If $\theta\in(1/2,1)$ , raising both sides of (12) to the power of $\theta/(1-\theta)>1$ yields $S_{k}^{\theta/(1-\theta)}\leq\nu^{-\theta/(1-\theta)}l_{k}^{\theta}$ . After substituting this relation in (13) and re-arranging we obtain $1\leq C\left(S_{k}-S_{k+1}\right)(S_{k}^{\theta/(1-\theta)})^{-1},$ where $C=\mu\nu^{-\theta/(1-\theta)}$ . Define $h:(0,+\infty)\rightarrow\mathbb{R}$ to be $h(s)=s^{-\theta/(1-\theta)}$ . The preceding relation then yields $1\leq C(S_{k}-S_{k+1})h(S_{k})\leq C\int_{S_{k+1}}^{S_{k}}h(s)ds=C\zeta^{-1}\left(S_{k}^{\zeta}-S_{k+1}^{\zeta}\right)$ , where $\zeta=(1-2\theta)/(1-\theta)<0$ . After setting $\tilde{C}=-C^{-1}\zeta>0$ and re-arranging, we obtain $\tilde{C}\leq S^{\zeta}_{k+1}-S^{\zeta}_{k}$ . Summing this relation over iterations $k=k_{0},...,t-1$ yields $(t-k_{0})\tilde{C}\leq S_{t}^{\zeta}-S_{k_{0}}^{\zeta}\Leftrightarrow S_{t}\leq\left((t-k_{0})\tilde{C}+S_{k_{0}}^{\zeta}\right)^{1/\zeta}\leq ct^{1/\zeta}$ , for some $c>0$ . ∎

We conclude this subsection with one more result on the distance to optimality of the local $x_{i,k}$ iterates of NEAR-DGD^t and their average $\bar{x}_{k}=\frac{1}{n}\sum_{i=1}^{n}x_{i,k}$ as $k\rightarrow\infty$ .

Corollary III.10.

(Distance to optimality) Suppose that $\{\mathbf{y}_{k}\}\rightarrow\mathbf{y}^{\infty}$ and let $\mathbf{x}^{\infty}=\mathbf{Z}^{t}\mathbf{y}^{\infty}$ . Moreover, let $\bar{x}^{\infty}=\bar{y}^{\infty}=\frac{1}{n}\sum_{i=1}^{n}x^{\infty}_{i}$ . Then $\bar{x}^{\infty}$ is an approximate critical point of $f$ ,

\left\|\nabla f(\bar{x}^{\infty})\right\|\leq\beta^{t}\sqrt{n}LB_{y}

where $B_{y}$ is a positive constant defined in Lemma III.3.

Proof.

We observe that $\mathbf{M}\nabla\mathbf{f}(\mathbf{M}\mathbf{y}^{\infty})=\frac{1}{n}\cdot 1_{n}\otimes\nabla f(\bar{y}^{\infty})$ and hence $\|\mathbf{M}\nabla\mathbf{f}(\mathbf{M}\mathbf{y}^{\infty})\|=n^{-1}\|1_{n}\otimes\nabla f(\bar{y}^{\infty})\|=(\sqrt{n})^{-1}\|\nabla f(\bar{y}^{\infty})\|,$ where we obtain the last equality due to the fact that $\|1_{n}\otimes v\|^{2}=n\|v\|^{2}$ for any vector $v$ .

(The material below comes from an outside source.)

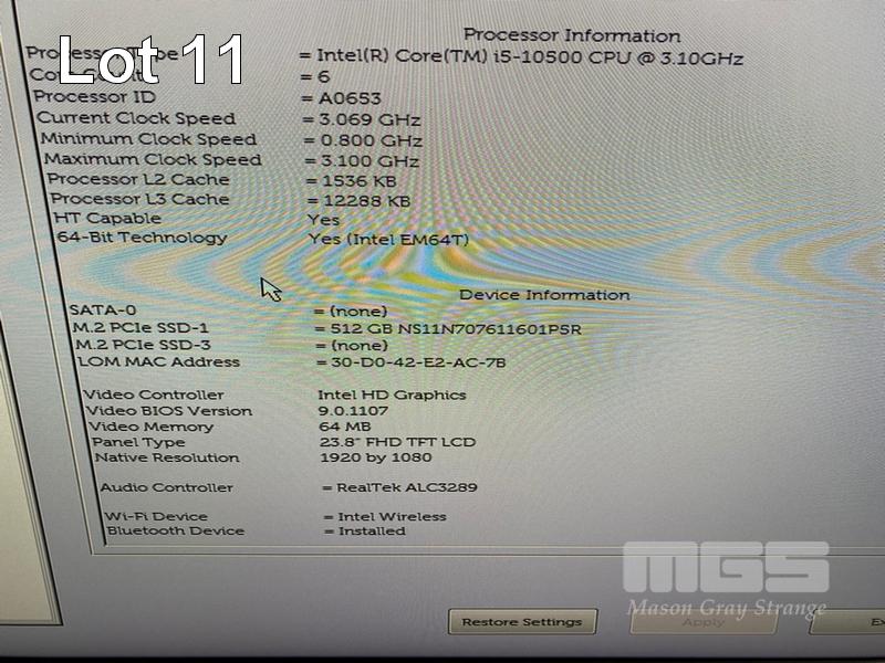 ALL-IN-ONE PC, DELL OPTIPLEX 7480, CORE i5 10500 (10TH GEN) @ 3.1GHz, 8GB DDR4 RAM, 512GB NVMe M.2 SSD, INBUILT 23.8" FHD WIDESCREEN (1920x1080), INTEL HD VIDEO, WEBCAM, 5 x USB, 1 x USB-C, Wi-Fi, BLUETOOTH, WINDOWS 11 HOME INSTALLED, KEYBOARD & MOUSE S/N:1SMWVD3

Moreover, $\mathbf{y}^{\infty}$ is a critical point of (6) and therefore satisfies $\nabla\mathcal{L}_{t}(\mathbf{y}^{\infty})=\mathbf{Z}^{t}\nabla\mathbf{f}(\mathbf{Z}^{t}\mathbf{y}^{\infty})+\frac{1}{\alpha}\mathbf{Z}^{t}\mathbf{y}^{\infty}-\frac{1}{\alpha}\mathbf{Z}^{2t}\mathbf{y}^{\infty}=\mathbf{0}$ . From the double stochasticity of $\mathbf{Z}$ , multiplying the above relation with $\mathbf{M}$ yields $\mathbf{M}\nabla\mathcal{L}_{t}(\mathbf{y}^{\infty})=\mathbf{M}\nabla\mathbf{f}(\mathbf{Z}^{t}\mathbf{y}^{\infty})=\mathbf{0}$ . After combining all the preceding results, we obtain,

\begin{split}\|\nabla f(\bar{x}^{\infty})\|&=\sqrt{n}\|\mathbf{M}\nabla\mathbf{f}(\mathbf{M}\mathbf{y}^{\infty})-\mathbf{M}\nabla\mathbf{f}(\mathbf{Z}^{t}\mathbf{y}^{\infty})\|\\ &\leq\sqrt{n}L\|\mathbf{M}\mathbf{y}^{\infty}-\mathbf{Z}^{t}\mathbf{y}^{\infty}\|\leq\beta^{t}\sqrt{n}L\|\mathbf{y}^{\infty}\|,\end{split}

where used the spectral properties of $\mathbf{M}$ and Assumption II.2 to get the first inequality and the spectral properties of $\mathbf{Z}$ to get the second inequality. Applying Lemma III.3 yields the result of this Corollary.

∎

III-B Second order guarantees

In this subsection, we provide second order guarantees for the NEAR-DGD^t method. Specifically, using recent results stemming from dynamical systems theory, we will prove that NEAR-DGD^t almost surely avoids the strict saddles of the Lyapunov function $\mathcal{L}_{t}$ when initialized randomly. Hence, if $\mathcal{L}_{t}$ satisfies the strict saddle property, NEAR-DGD^t converges to minima of $\mathcal{L}_{t}$ with probability $1$ . We begin by listing a number of additional assumptions and definitions.

Assumption III.11.

(Differentiability) The functions $\mathbf{f}$ is $\mathcal{C}^{2}$ .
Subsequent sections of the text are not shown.